Вот маленький листок с поздравлением ко дню 1 Мая (к сожалению, не сохранился конверт с почтовыми штемпелями, поэтому трудно установить, какого года). Конечно — первый экземпляр: из «Нового мира» письма под копирку не приходили. Казалось бы, что в подобной ситуации требовалось от Александра Трифоновича? Подписаться — и все. А он подписывается — и делает тёплую приписку: «Рад за Ваши успехи, дорогой М.Л.!» (видимо, дело было после какой-то моей публикации, показавшейся ему удачной).
А в поздравлении к Новому, 1965-му, году — юбилейному для «Нового мира» — Александр Трифонович добавляет от руки к печатному тексту: «Спасибо за записки в № 1 (или 2)». Тут это «или 2» в скобках характерно: он не терпел того, что называется «стрепануться», и, не имея твёрдой уверенности, что мой материал пойдёт в первом номере, хотел быть точным и в своём «спасибо».
Особенно много приписал Александр Трифонович к письму — кстати, тоже довольно большому и весьма нестандартному по содержанию, — которое я получил из редакции «Нового мира» к 50-летию наших Вооружённых сил. Тут после слов о том, что, мол, несколько лет назад читатели узнали меня как писателя, Александр Трифонович делает от руки развёрнутую сноску: «Я значительно раньше узнал Вас, дорогой Марк Лазаревич, как пилота, о чем Вы, надеюсь, тоже помните!»
Я не стал бы хвастать этими дорогими для меня свидетельствами доброго, внимательного отношения Александра Трифоновича, но уверен: немало людей могут похвастать тем же и показать подобные же листочки бумаги с приписками, сделанными рукой Александра Трифоновича.
Но, при всем характерном для него человечном отношении к людям, невозможно было воспринимать его как этакого рождественского деда. Он бывал очень разный (интересно, что данное свойство — бывать очень разным — я не раз наблюдал у людей значительных, крупнокалиберных, например у С.П. Королева, у А.Н. Туполева…).
Так, долгое время, бывая в редакции «Нового мира», я наблюдал Александра Трифоновича лишь с одной стороны: видел его спокойным, доброжелательным, внимательным к собеседнику. Но вот однажды я сидел в его кабинете в «Новом мире» и во время нашего разговора в комнату зашёл сотрудник редакции, чтобы высказать (как я понял, вторично) своё несогласие с каким-то ранее принятым решением. Вообще-то сам факт его появления с подобным делом в кабинете главного редактора свидетельствовал о том, что в принципе такое было возможно: «передокладывать» начальству (чего, как известно, страшно не любят чиновники) в «Новом мире» не возбранялось. Но то — в принципе. А в данном случае Александр Трифонович возвращаться к ранее рассмотренному и решённому им вопросу не захотел. Он обратил к вошедшему своё, ставшее каким-то каменно-неподвижным, лицо, посмотрел на него тяжёлым, свинцовым взглядом и… Впрочем, никакого "и" больше не было. Александр Трифонович то ли вообще ни слова не сказал, то ли сказал что-то настолько лаконичное, что оно мне даже не запомнилось, но, так или иначе, мгновение спустя в кабинете никого кроме нас двоих не было. Так что оставаться хозяином в своём деле он умел.
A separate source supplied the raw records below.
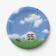 bola branca de golfe em relva verde com clube de golfe e fundo do céu para o 55.º aniversário Número na bola de golfe pode ser editado.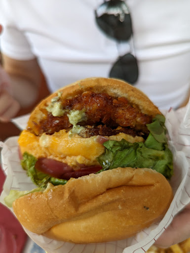 Passons au burger «âŻThe NolaâŻÂ», qui met Ă lâhonneur un filet de poulet frit. La panure Ă©tait impeccable, bien dorĂ©e avec des bords lĂ©gĂšrement brunis, croustillante Ă souhait tout en conservant une viande tendre et juteuse Ă lâintĂ©rieur. Les ingrĂ©dients se mariaient bien : pickles, salade iceberg et oignons confits, le tout relevĂ© par une sauce moutarde Ă lâamĂ©ricaine bien gĂ©nĂ©reuse. Petit dĂ©tail que jâai particuliĂšrement apprĂ©ciĂ© : la fourme dâAmbert. Moi qui nâaime habituellement pas les fromages au goĂ»t trop fort, celui-ci se sentait juste ce quâil faut, sans Ă©craser les autres saveurs. En rĂ©sumĂ©, un burger gĂ©nĂ©reux et savoureux qui a dĂ©passĂ© mes attentes. đ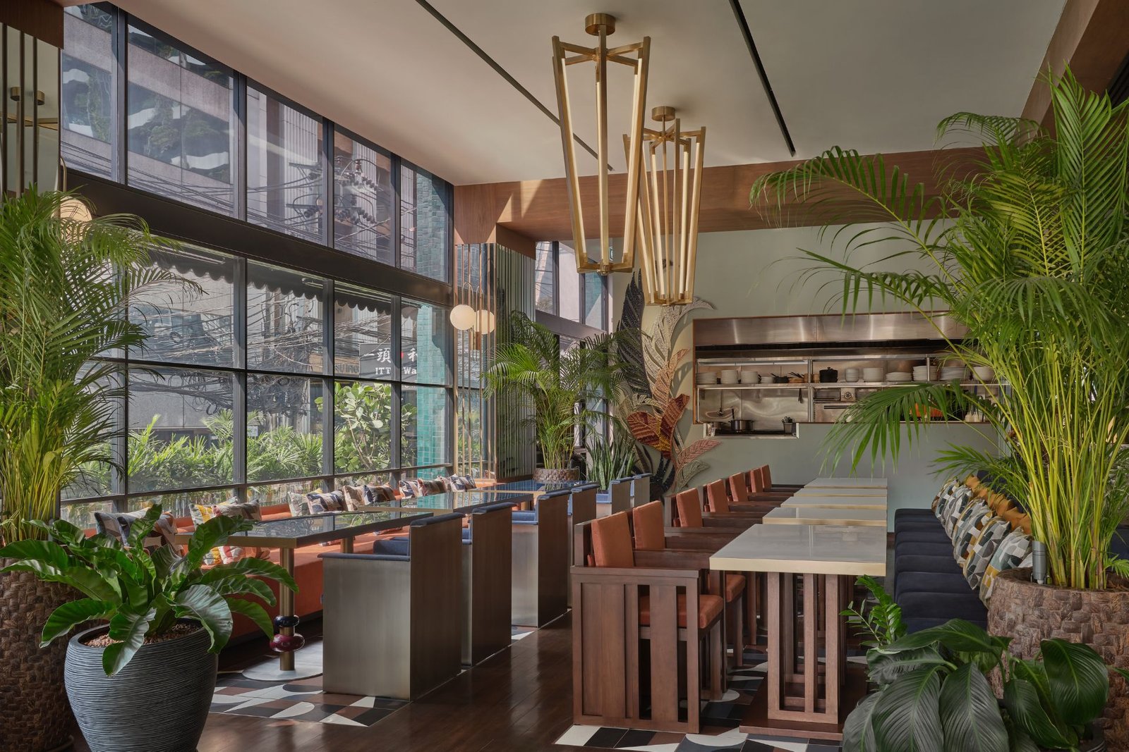 As night falls, the mid-century styled OPEN BAR comes alive with a glam, art-deco atmosphere. The bar features an extensive selection of Bangkok’s best cocktails and the city’s largest selection of Thai craft beers. Weekends come alive with funky DJs spinning authentic vinyl on twin decks.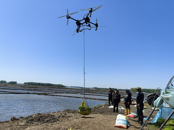 好力保鎮(zhèn)是興安盟大米的核心產區(qū),今年水稻種植面積達12.7萬畝,插秧任務重。為提高春耕效率、降低勞動強度,當地政府積極引導農戶引入無人機運苗技術。這些經過專門改裝的無人機,配備了先進的定位系統和載重設備,一次能吊運10至12盤秧苗,每天可完成近100畝地的插秧運苗任務。而且,它們能夠突破田埂、溝渠的限制,在復雜地形的稻田里自由作業(yè)。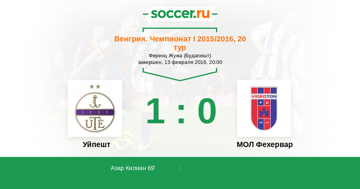 Протокол матча Уйпешт против Видеотон

О своих недругах — личных и литературных (что, впрочем, насколько я понимаю, чаще всего совпадало) — старался высказываться сдержанно, тщательно соблюдая внешнюю объективность. Лишь однажды зашёл разговор о Кочетове — в связи с появлением в печати очередного произведения этого писателя (кажется, «Секретаря обкома»). И тут Александр Трифонович вдруг высказал — очень чётко и в то же время эмоционально — то, что думал об этом человеке, которого считал небесталанным («К сожалению…»), но вредным по направленности его творчества, да и по позиции, занимаемой им в жизни. Слушать Александра Трифоновича в тот раз мне было особенно интересно, в частности, потому, что свою собственную гражданскую позицию он, насколько я мог наблюдать, почти никогда не декларировал. Не скрывал, активно проявлял во всем, что делал, но — не декларировал. Лишь иногда — что называется, к слову — бросал лаконичное замечание о, так сказать, динамике развития этой своей позиции. Так, например, вскользь упомянул он однажды о «наивном деревенском антисемитизме» (так он сформулировал), с которым когда-то пришёл в город и о котором вспомнил не с раскаянием даже, а скорее с удивлением.
Гражданской позиции Твардовского специально никто не учил. Вернее, учила сама жизнь. Поэтому, наверное (или, точнее, в том числе и поэтому), она и была у него сложена так нерушимо крепко. Не представляю себе сил, которые могли бы деформировать убеждения Александра Трифоновича о том, «что такое хорошо и что такое плохо».